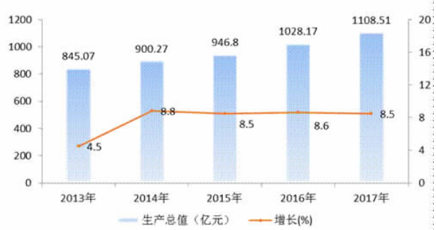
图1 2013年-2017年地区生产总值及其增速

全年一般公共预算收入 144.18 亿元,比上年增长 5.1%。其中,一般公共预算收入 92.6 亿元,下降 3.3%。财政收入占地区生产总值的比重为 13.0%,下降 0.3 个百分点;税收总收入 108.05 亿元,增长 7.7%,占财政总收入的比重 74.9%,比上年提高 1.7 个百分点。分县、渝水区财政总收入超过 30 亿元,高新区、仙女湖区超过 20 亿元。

==

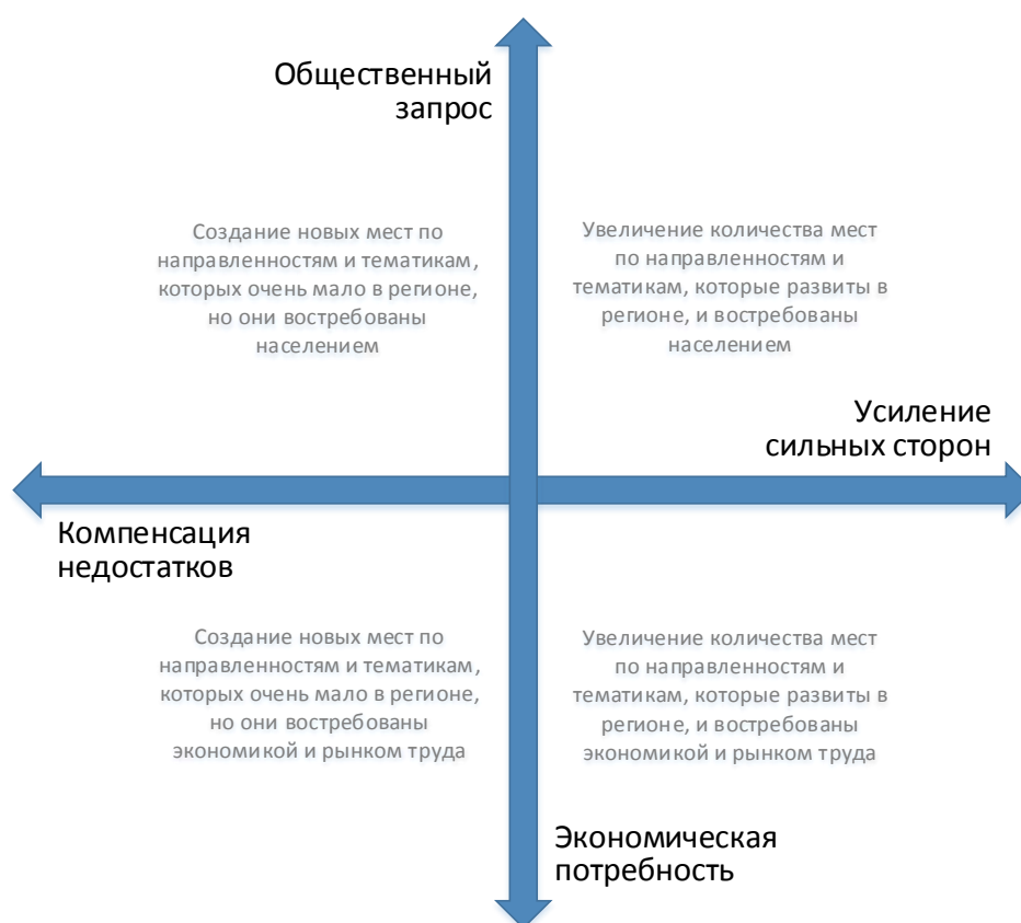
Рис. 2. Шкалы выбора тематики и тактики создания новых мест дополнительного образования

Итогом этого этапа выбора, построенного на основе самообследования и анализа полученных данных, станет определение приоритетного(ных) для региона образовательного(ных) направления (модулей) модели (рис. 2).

...

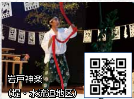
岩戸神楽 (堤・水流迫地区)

Problem to work on –
Taking the line with "图1 2013年-2017年地区生产总值及其增速" as the first and the line with "全年一般公共预算收入 144.18 亿元,比上年增长" as the last, retype that stretch of the data above exactly, with no other lines.

Answer –
图1 2013年-2017年地区生产总值及其增速

全年一般公共预算收入 144.18 亿元,比上年增长 5.1%。其中,一般公共预算收入 92.6 亿元,下降 3.3%。财政收入占地区生产总值的比重为 13.0%,下降 0.3 个百分点;税收总收入 108.05 亿元,增长 7.7%,占财政总收入的比重 74.9%,比上年提高 1.7 个百分点。分县、渝水区财政总收入超过 30 亿元,高新区、仙女湖区超过 20 亿元。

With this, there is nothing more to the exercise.